WORK ORDER: Transcribe the following entries letter for letter, without the pictures.

Items listed in a dataset:
*** Block opens ***

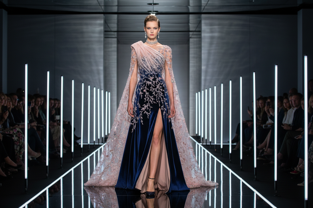 Bebe Mavisi Işıltılı Payet İşlemeli, Düşük Omuz Detaylı Balık Abiye
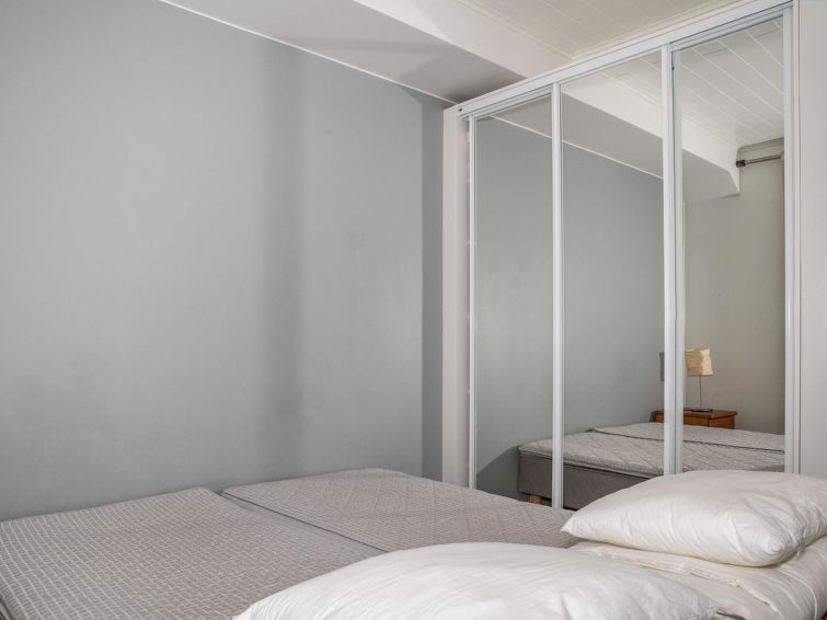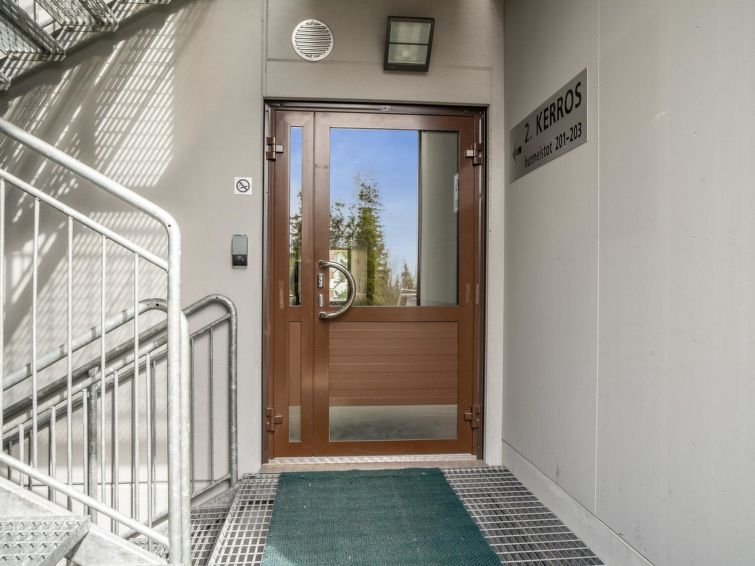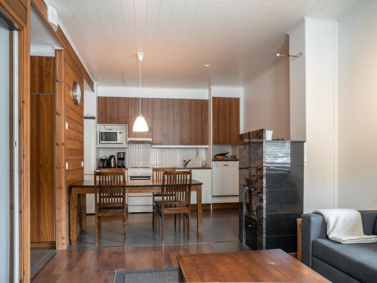 40 km north of Kolari, lake Ylläsjärvi 4 km, swimming beach 5,5 km. Apartment in an apartment hotel, built 2008. Livingroom/kitchen with an extendable bed sofa, one bedroom with two separate beds, one sleeping alcove with a bunk bed, electric sauna, washing room/toilet. Please note that firewood is not included to the price.
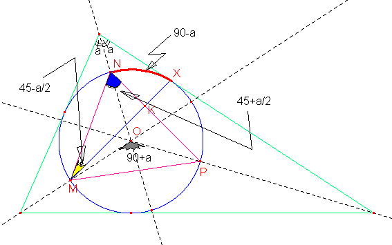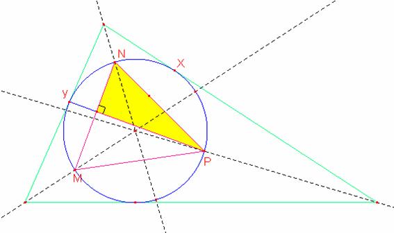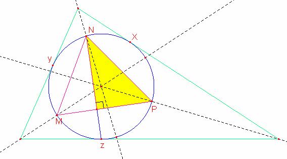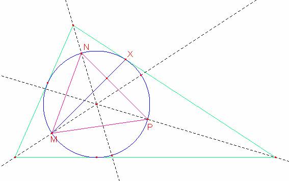 Primeramente trataremos de demostrar que los segmentos NP y MX son perpendiculares siendo M, N y P las intersecciones de las bisectrices con la circunferencia inscrita además observamos que X es punto de tangencia con uno de los lados del triángulo circunscrito.
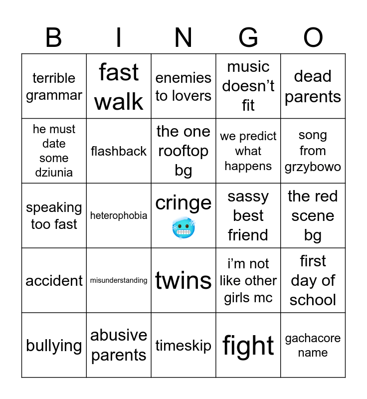 This bingo card has a free space and 29 words: bullying, edgy bad boy, heterophobia, she thought she ate, terrible grammar, enemies to lovers, flashback, misunderstanding, sassy best friend, abusive parents, the red scene bg, gachacore name, timeskip, fight, song from grzybowo, mean girl, twins, accident, dead parents, speaking too fast, i’m not like other girls mc, red flag, we predict what happens, he must date some dziunia, music doesn’t fit, fast walk, first day of school, the one rooftop bg and never mentioned again.
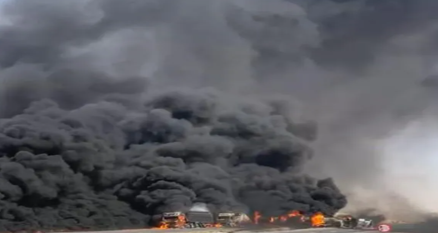 الدوريات الخارجية تكشف تفاصيل حادث تصادم واشتعال 4 مركبات على الطريق الصحراوي
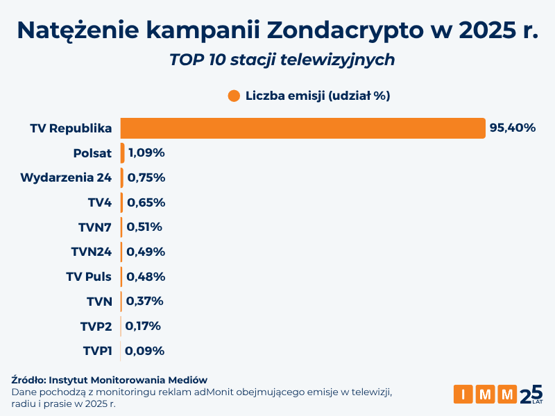 Według danych adMonit IMM w 10 analizowanych stacjach telewizyjnych, w 2025 roku wyemitowano łącznie 5 869 spotów giełdy Zondacrypto. Zdecydowana większość – 5 599 emisji, co odpowiada 95,4% wszystkich zmonitorowanych spotów – ukazało się na kanale TV Republika. Pozostałe dziewięć stacji nadało łącznie 270 emisji, przy czym wszystkie one miały miejsce w styczniu i lutym 2025 roku. Drugie miejsce pod względem liczby emisji spotów giełdy zajął Polsat z wynikiem 64 spotów (1,09% udziału), a trzecie – Wydarzenia 24 z 44 emisjami (0,75%).
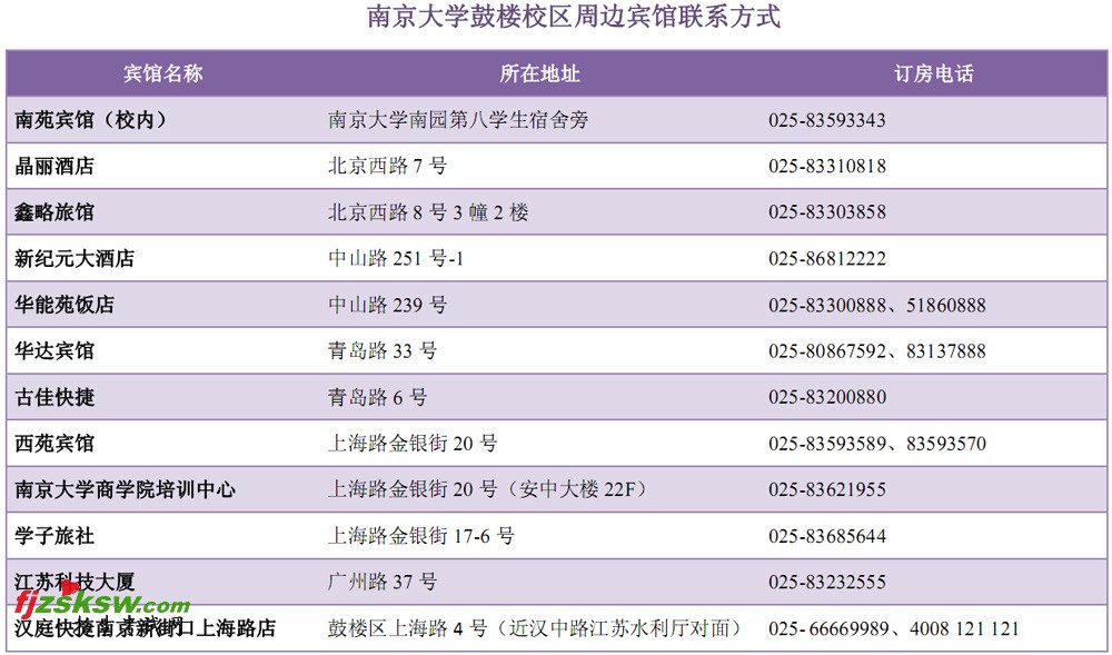 南京大学鼓楼校区周边宾馆地址电话等联系方式
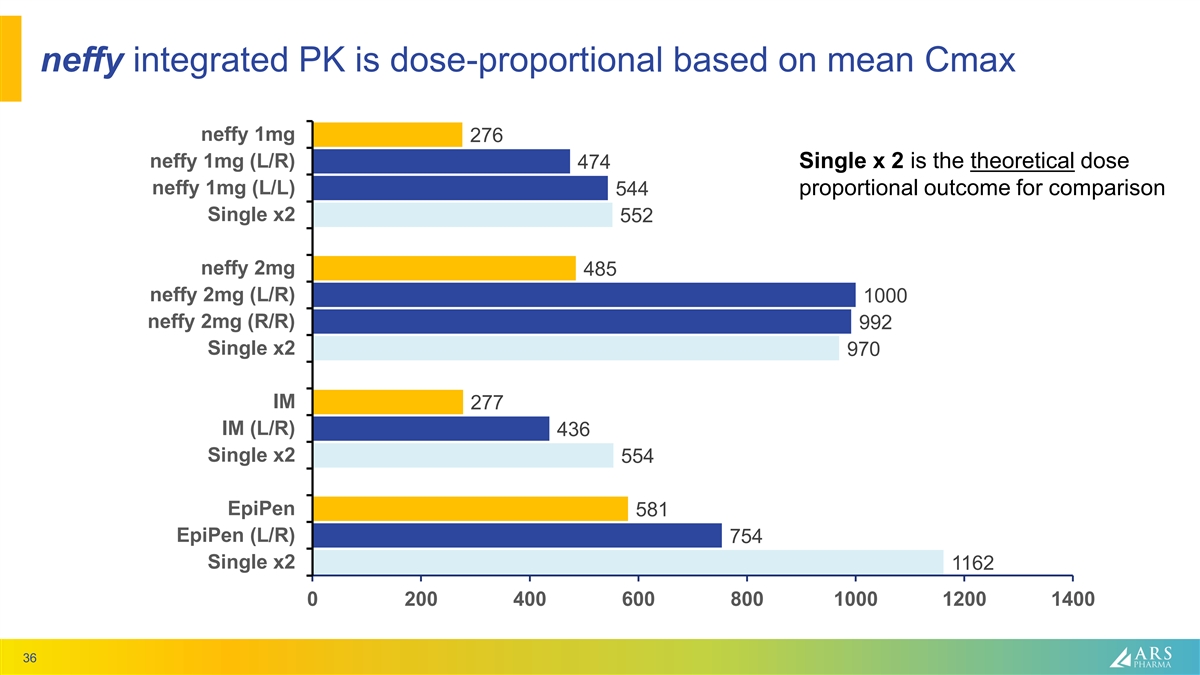 neffy integrated PK is dose-proportional based on mean Cmax neffy 1mg 276 neffy 1mg (L/R) 474 Single x 2 is the theoretical dose neffy 1mg (L/L) proportional outcome for comparison 544 Single x2 552 neffy 2mg 485 neffy 2mg (L/R) 1000 neffy 2mg (R/R) 992 Single x2 970 IM 277 IM (L/R) 436 Single x2 554 EpiPen 581 EpiPen (L/R) 754 Single x2 1162 0 200 400 600 800 1000 1200 1400 36
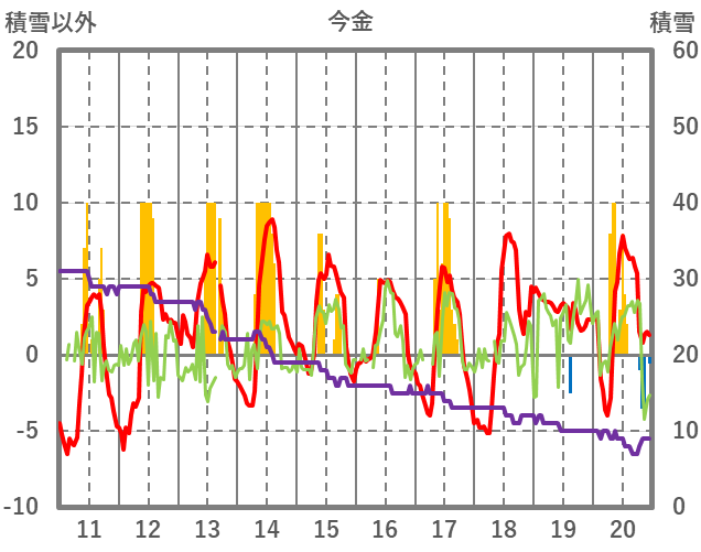 | 日 | 時 | 気温 | 降水 | 風向/風速 | 日照 | 積雪 | 降雪 |

*** Block closes ***

SOLVED EXERCISE:
 Bebe Mavisi Işıltılı Payet İşlemeli, Düşük Omuz Detaylı Balık Abiye
 40 km north of Kolari, lake Ylläsjärvi 4 km, swimming beach 5,5 km. Apartment in an apartment hotel, built 2008. Livingroom/kitchen with an extendable bed sofa, one bedroom with two separate beds, one sleeping alcove with a bunk bed, electric sauna, washing room/toilet. Please note that firewood is not included to the price.
 Primeramente trataremos de demostrar que los segmentos NP y MX son perpendiculares siendo M, N y P las intersecciones de las bisectrices con la circunferencia inscrita además observamos que X es punto de tangencia con uno de los lados del triángulo circunscrito.
 This bingo card has a free space and 29 words: bullying, edgy bad boy, heterophobia, she thought she ate, terrible grammar, enemies to lovers, flashback, misunderstanding, sassy best friend, abusive parents, the red scene bg, gachacore name, timeskip, fight, song from grzybowo, mean girl, twins, accident, dead parents, speaking too fast, i’m not like other girls mc, red flag, we predict what happens, he must date some dziunia, music doesn’t fit, fast walk, first day of school, the one rooftop bg and never mentioned again.
 الدوريات الخارجية تكشف تفاصيل حادث تصادم واشتعال 4 مركبات على الطريق الصحراوي
 Według danych adMonit IMM w 10 analizowanych stacjach telewizyjnych, w 2025 roku wyemitowano łącznie 5 869 spotów giełdy Zondacrypto. Zdecydowana większość – 5 599 emisji, co odpowiada 95,4% wszystkich zmonitorowanych spotów – ukazało się na kanale TV Republika. Pozostałe dziewięć stacji nadało łącznie 270 emisji, przy czym wszystkie one miały miejsce w styczniu i lutym 2025 roku. Drugie miejsce pod względem liczby emisji spotów giełdy zajął Polsat z wynikiem 64 spotów (1,09% udziału), a trzecie – Wydarzenia 24 z 44 emisjami (0,75%).
 南京大学鼓楼校区周边宾馆地址电话等联系方式
 neffy integrated PK is dose-proportional based on mean Cmax neffy 1mg 276 neffy 1mg (L/R) 474 Single x 2 is the theoretical dose neffy 1mg (L/L) proportional outcome for comparison 544 Single x2 552 neffy 2mg 485 neffy 2mg (L/R) 1000 neffy 2mg (R/R) 992 Single x2 970 IM 277 IM (L/R) 436 Single x2 554 EpiPen 581 EpiPen (L/R) 754 Single x2 1162 0 200 400 600 800 1000 1200 1400 36
 | 日 | 時 | 気温 | 降水 | 風向/風速 | 日照 | 積雪 | 降雪 |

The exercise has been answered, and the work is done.